The village of Lacken has two family pubs - Bessie’s and Maughan’s, the latter also own the only shop - and is a 10 minute drive from the family home.

Doris went to Creevagh National School, which had about 35 kids, and there was just one other boy in his class. Inevitably, Doris' first team sport was at Naomh Pádraig Gaelic football club, before being introduced to mini rugby from the age of seven at Ballina RFC.

He's very intelligent, quiet and reserved off the pitch. But when he comes onto the pitch he assumes a completely different persona

"He was hard to get into training. We had to go down and coax him to come in," says the Ballina chairman Alan Rowe.

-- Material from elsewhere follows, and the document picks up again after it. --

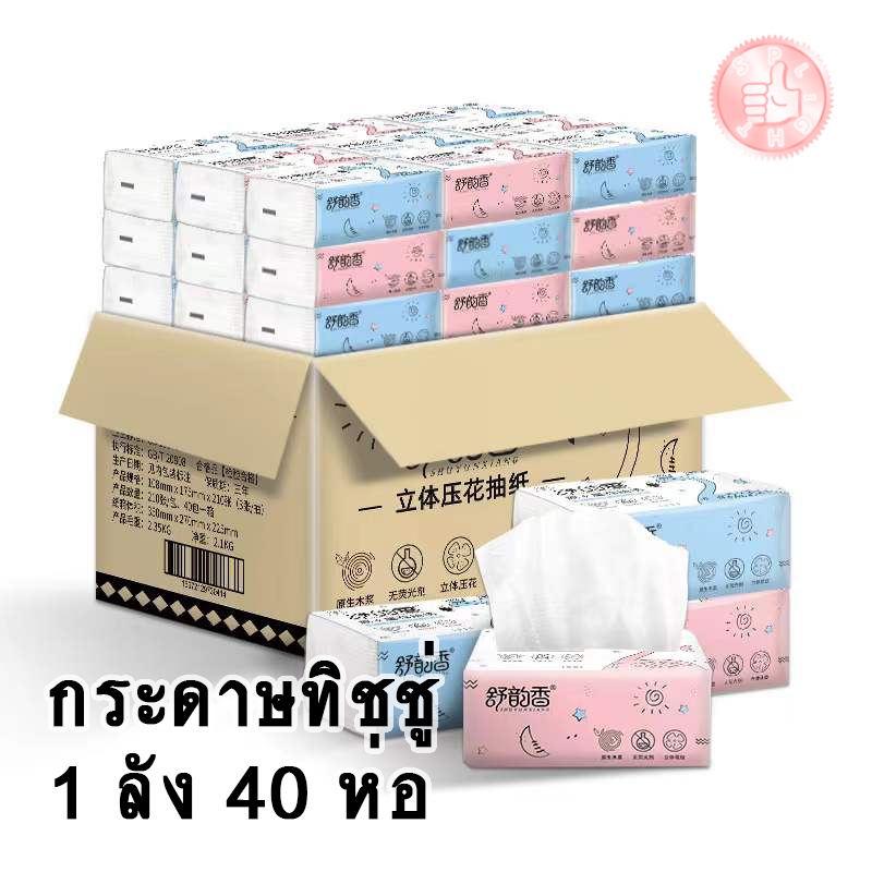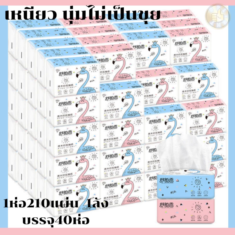 (ราคาลูกค้าใหม่) กระดาษทิชชู่ ยกลัง (1ลังมี40ห่อ) 1ห่อมี210 แผ่น ไร้ฝุ่น กระดาษเช็ดหน้าไม่เป็นขุย ไม่ยุ่ยง่ายราคาถูก D40

Much of the credit for this goes to Oisín Loughney, who like his first cousin Ronan, the retired Connacht prop, also hails from Lacken and drove Doris to and from training.

“But he loved it when he got in. He was a very nice, mannerly boy and he learned very quickly. He didn’t stand out in the first few years but by the age of 12 he began to blossom and was a big part of our under-13 League-winning side,” says Rowe.

Daragh Whyte, fullback on Ballina's Ulster Bank League 2B side, and Jordan Flynn, a substitute on the Mayo side which edged out Galway in last Sunday's Connacht football final, were teammates.

Michael Moylett, Gavin Duffy, as well as current Irish hooker Dave Heffernan, also started out at Ballina, who are certainly entitled to lay some claims on Doris.

"I would say we had a very big part in him playing rugby. He had the bug when he went to Blackrock. He went through from seven to 12 with Ballina and then we lost him for all the right reasons."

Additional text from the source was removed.